ЗЕНИТ! оооооОООооо ЗЕНИТ!!!!

----------


## Dagest

Спасибо но знаю зту сайт уже.  Могу нет найти голы в сайте.

----------


## flowforever

1, 2, 3. Зенитушка дави!
Самый лучший коллектив...это наш Локомотив!

----------


## Chuvak

> Спасибо всем за то, что помогли  мне с русским языком.  Я знаю его не очень хорошо.  Всё-таки, буду изучать его усердно.  Мне кажется слово "болеть" лучше чем слово "поддерживать". 
> Оля, Я обязательно познакомлюсь с вами.  Поздравляю локомотив!  (Не знаю что такое голов.. может быть goal)Вы знаете где я могу увидеть локомотива голов?  Видел сайт "спартака", который у их есть сратака голов. 
> Моя команда в англии бристол город:  http://www.bcfc.premiumtv.co.uk/page...,10327,00.html[/url]

----------


## Dagest

Я был очень жалкий, что зенит проиграют в "UEFA Cup".   ::

----------


## Оля

> Я был очень жалкий, что зенит проиграют в "UEFA Cup".

 "Я был очень жалкий" = "I was very pitiful"  Мне было очень жаль, что Зенит проиграл в UEFA.

----------


## Оля

Голы здесь:  http://gol.mkafisha.ru/

----------


## Dagest

Спасибо оля.  Этот сайт очень хорошо.  Думаю первую гол очень счастливый!

----------


## Rtyom

Hey, Dagest.
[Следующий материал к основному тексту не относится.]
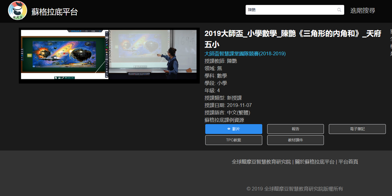 4. 2018年11月的「 2018年醍摩豆杯智慧課堂創(chuàng)新競(jìng)賽」上,榮獲團(tuán)隊(duì)一等獎(jiǎng)。多次受邀在天府五小分享智慧教室教學(xué)心得,培訓(xùn)種子教師。 經(jīng)典課例 四年級(jí)數(shù)學(xué)《三角形的內(nèi)角和》
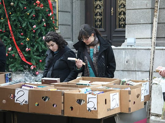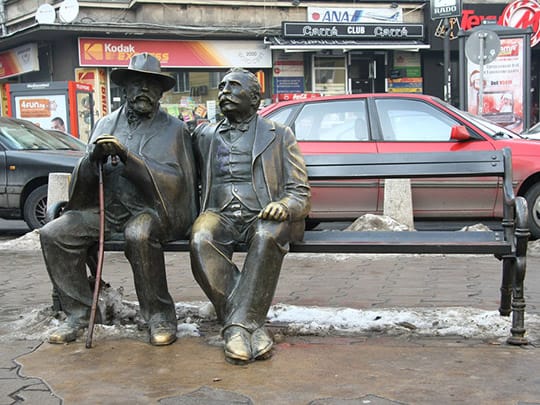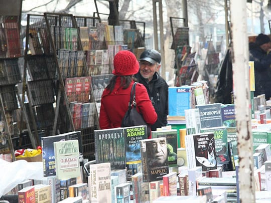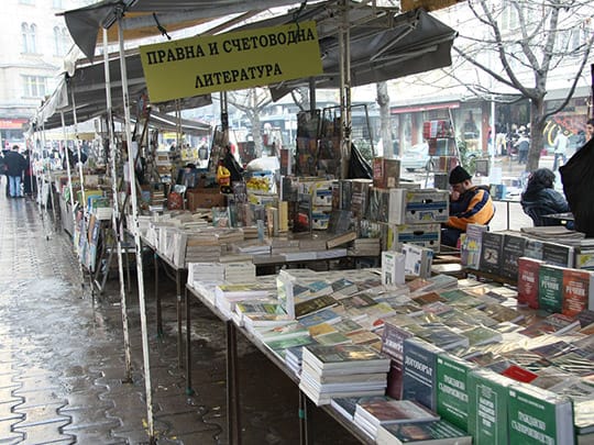 古本屋が立ち並ぶソフィアのスラヴェイコフ広場。ソフィアのセンターに位置し、待ち合わせ場所にもよく利用されます。広場の名前に由来するのは作家のペトコ・スラヴェイコフとペンチョ・スラヴェイコフ。この父子の像が並んで座っているベンチもあり、隣に腰をかけて記念撮影をする光景もよく見られます。
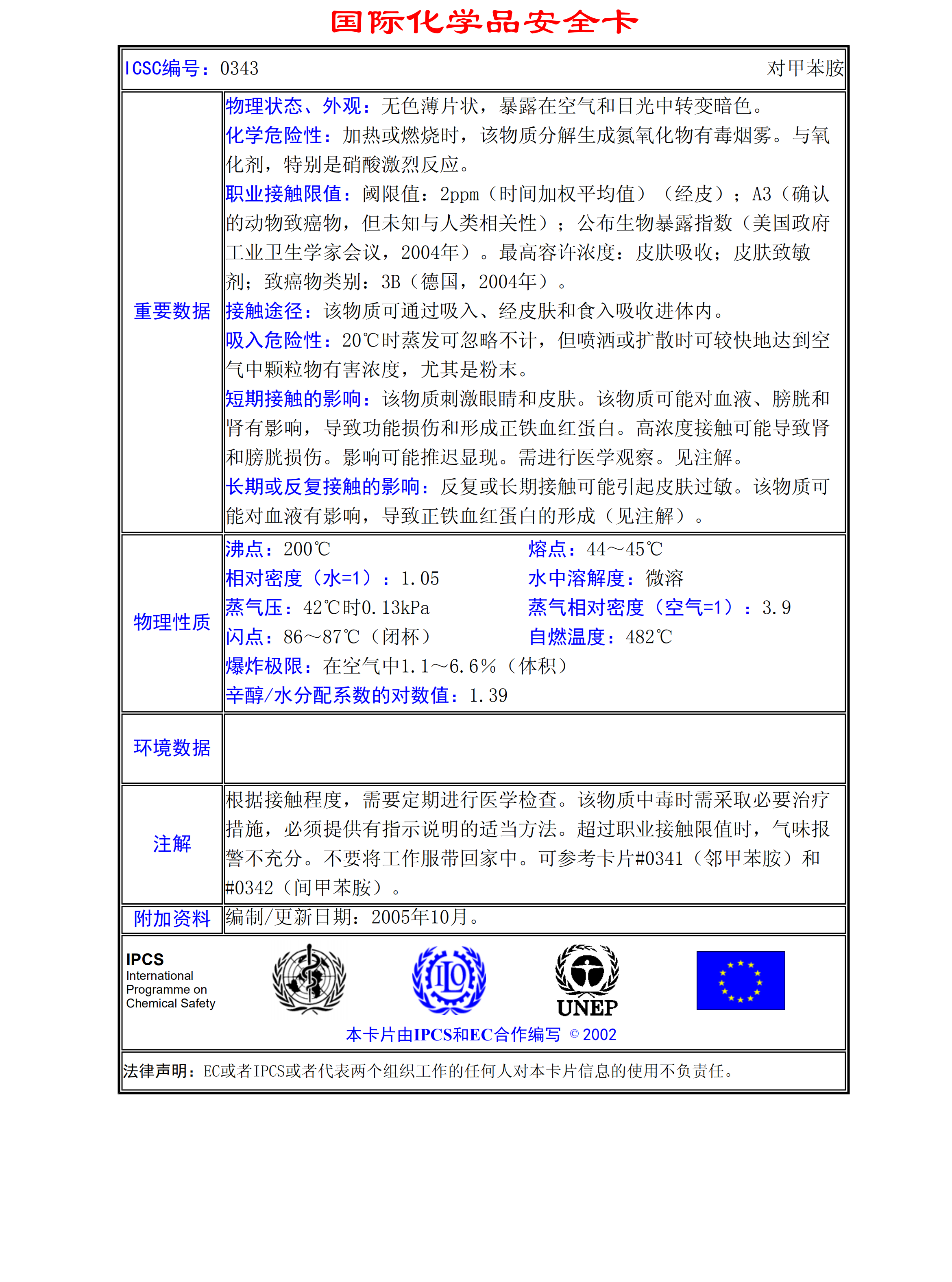 對甲苯胺MSDS
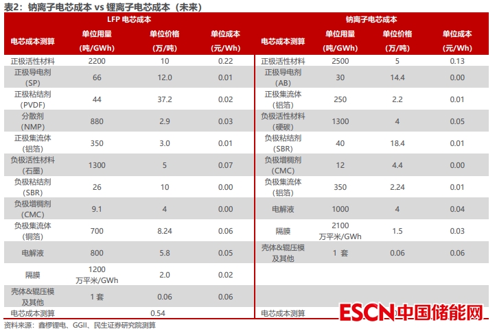 未來隨著碳酸鋰價格回落,鈉離子電池產(chǎn)業(yè)鏈成熟。假設(shè)碳酸鋰價格未來降低到 25 萬/噸左右,根據(jù)鑫欏鋰電,25 萬/噸的碳酸鋰對應(yīng)磷酸鐵鋰正極價格約10 萬/噸,鈉離子電池方面,我們假設(shè)鈉離子電池正極、負極產(chǎn)業(yè)鏈成熟后成本可降低 50%,根據(jù)測算,未來碳酸鋰價格回落, 鈉離子電池產(chǎn)業(yè)鏈成熟后,磷酸鐵鋰電芯的成本約 0.54 元/Wh,鈉離子電芯的成本約 0.33 元/Wh,鈉離子電芯成本低于磷酸鐵鋰電芯 0.21 元/Wh。
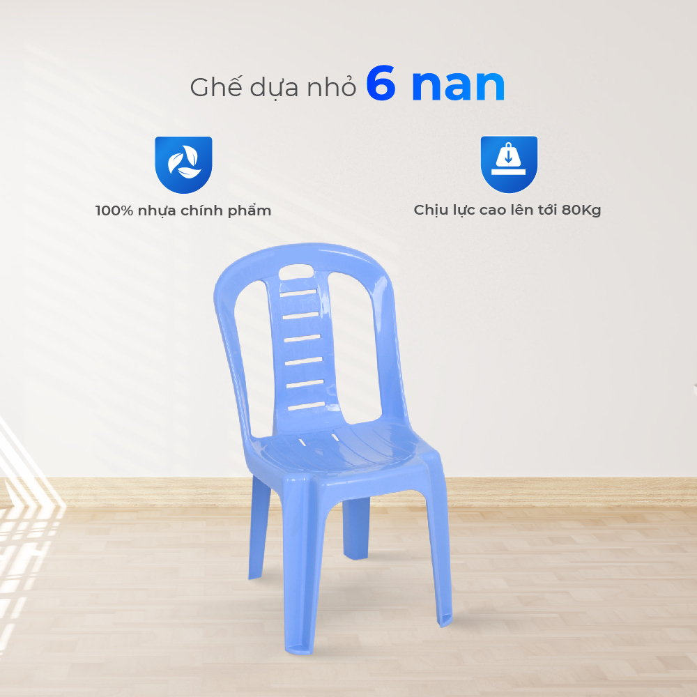 Ghế dựa nhỏ 6 nan làm từ nhựa nguyên sinh cao cấp, bền chắc và chịu lực tốt, thay thế cho những chiếc ghế nhựa giòn dễ gãy, không an toàn khi ngồi. Lưng ghế 6 nan vững chắc giúp nâng đỡ cột sống, khắc phục nỗi lo ghế ọp ẹp, thiếu sự thoải mái. Bề mặt ghế trơn láng, không góc cạnh, loại bỏ nguy cơ trầy xước da khi sử dụng.
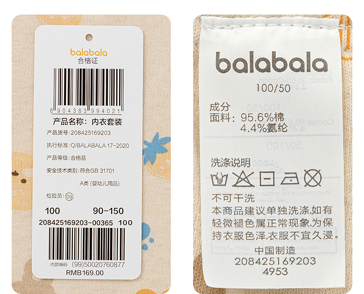 巴拉巴拉balaOne男童女童内衣套装儿童2件套新款童装2025秋冬抗菌
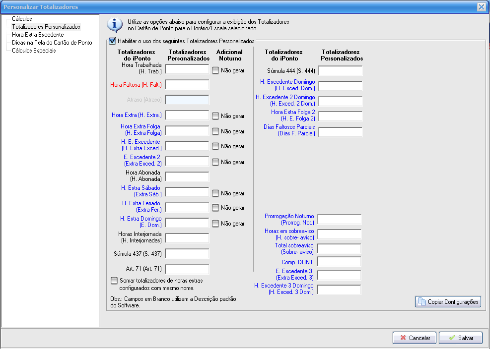 39 – No campo Hora Extra Excedente (H. Extra Exced.) o usuário poderá inserir um novo nome para designar a hora extra excedente da empresa.
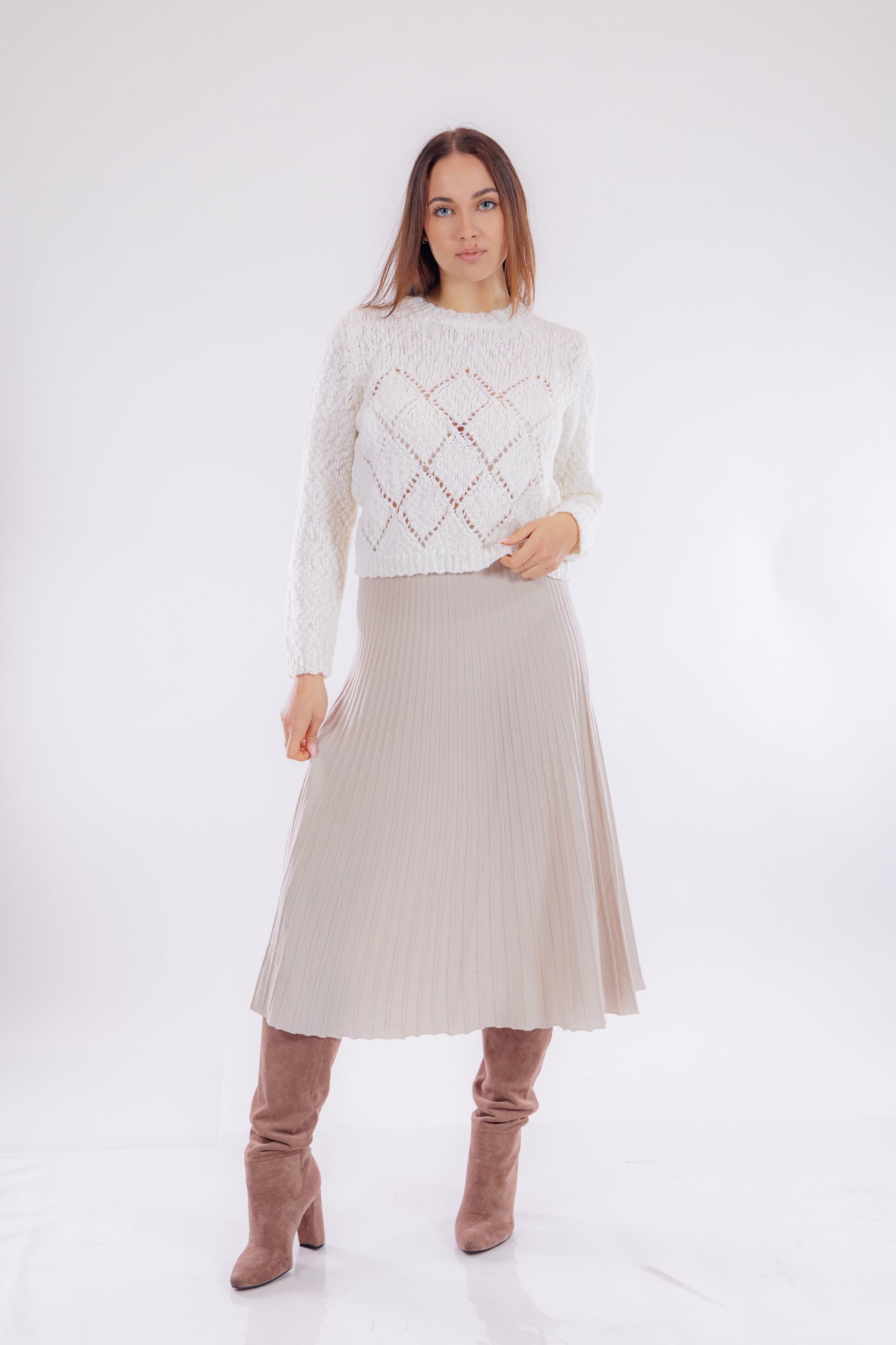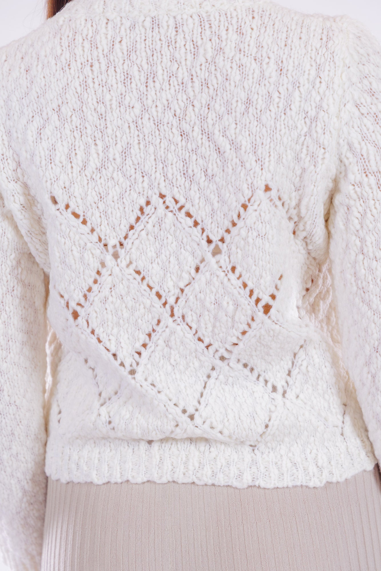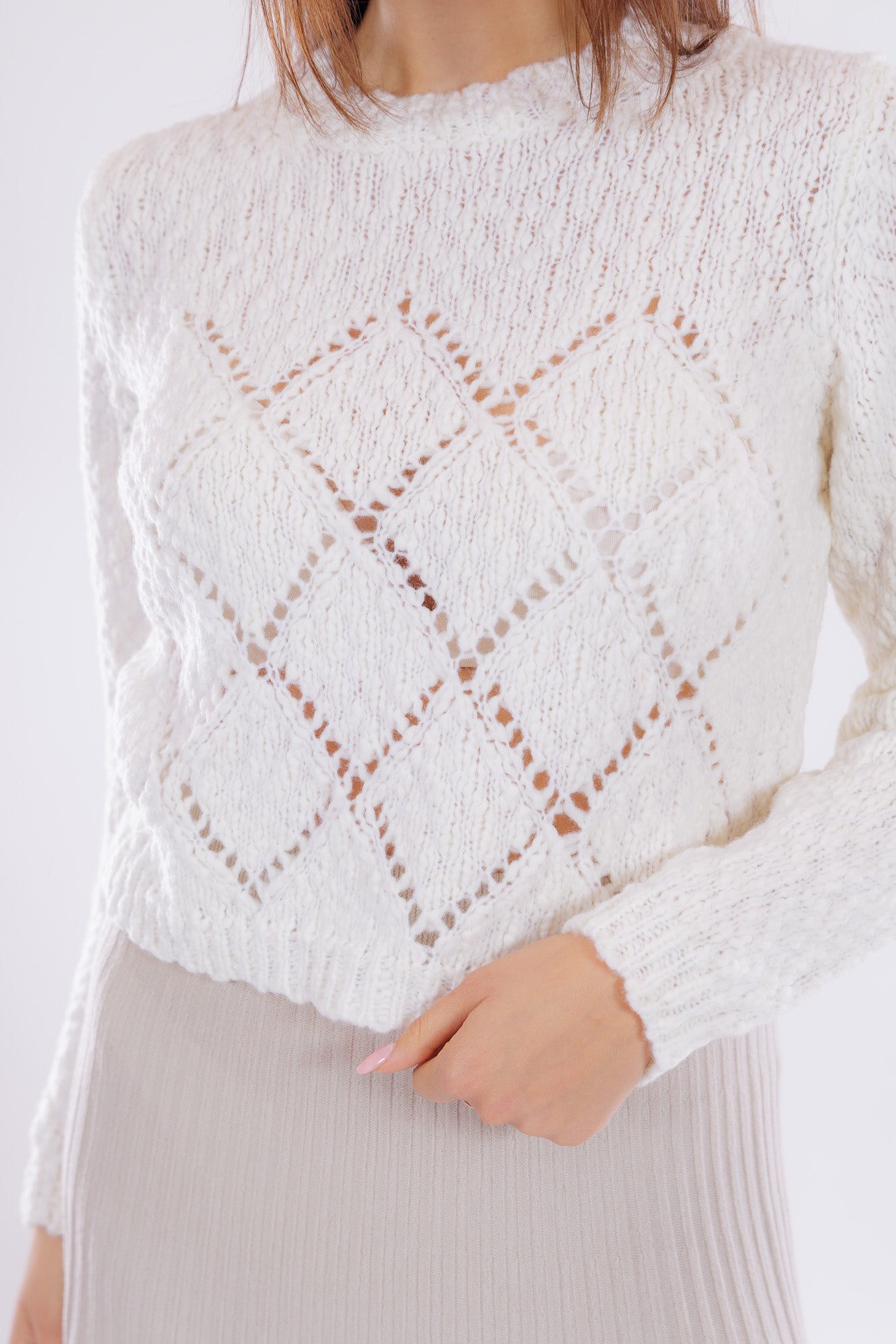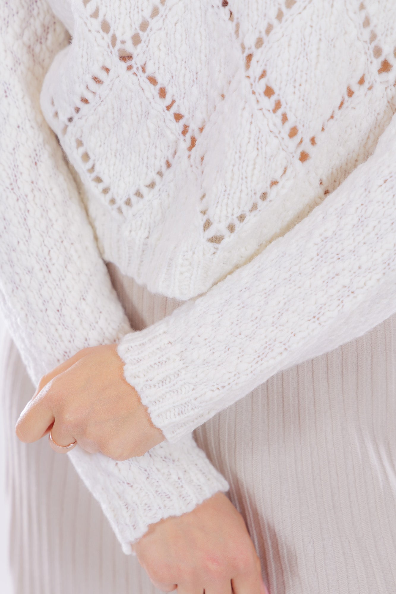 Maglia punzonata a rombi dalla vestibilità morbida e lunghezza corta che poggia sul bacino. Il tessuto misto lana vergine merinos extrafine la rende calda e confortevole. Il suo design con rombi davanti e dietro aggiunge un tocco di stile alla classica maglia girocollo.

Why did you end up with Russian football?

----------


## BlackMage

> ЗЕНИТ! оооооОООооо ЗЕНИТ!!!!

 "Ты болеешь за Зенит, я болею за Зенит,
Мы болеем за Зенит, и Зенит всех победит!"

----------


## Dagest

> Hey, Dagest. Why did you end up with Russian football?

 I have loved football for a long time and I have been studying Russian for nearly a year now (I don't know if it shows).  Anyway, it seemed kind of natural to marry the two.  I hope that following Lokomotiv will give me an opportunity to practice my Russian more.

----------


## Rtyom

At least, it shows you _have_ studied something.  ::  A good start, anwyay.

----------


## Abreiter

I support Zenit since I'm from Leningrad, but Sychev's my fave player in Russia [and IMO the best one in our NT] 
Would love to see him alongside Kerz and Arshavin wearing the blue shirt one day... not that unlikely IMO, after all he's a good friend of Kerzhakov's.

----------


## kalinka_vinnie

I guess you know Erik Hagen, then? He played for my favorite Norwegian team, V

----------


## Dagest

Как вы думаете о гус хидинк? 
Мне кажется ему очень успешному менежеру. 
Надеюсь он будет помочь русского команды.

----------


## Dimitri

> Что вы думаете о Гусе Хиддинке? 
> Мне кажется, он очень успешный менеджер. 
> Надеюсь, он поможет русской команде.

 Мы тоже надеемся   ::

----------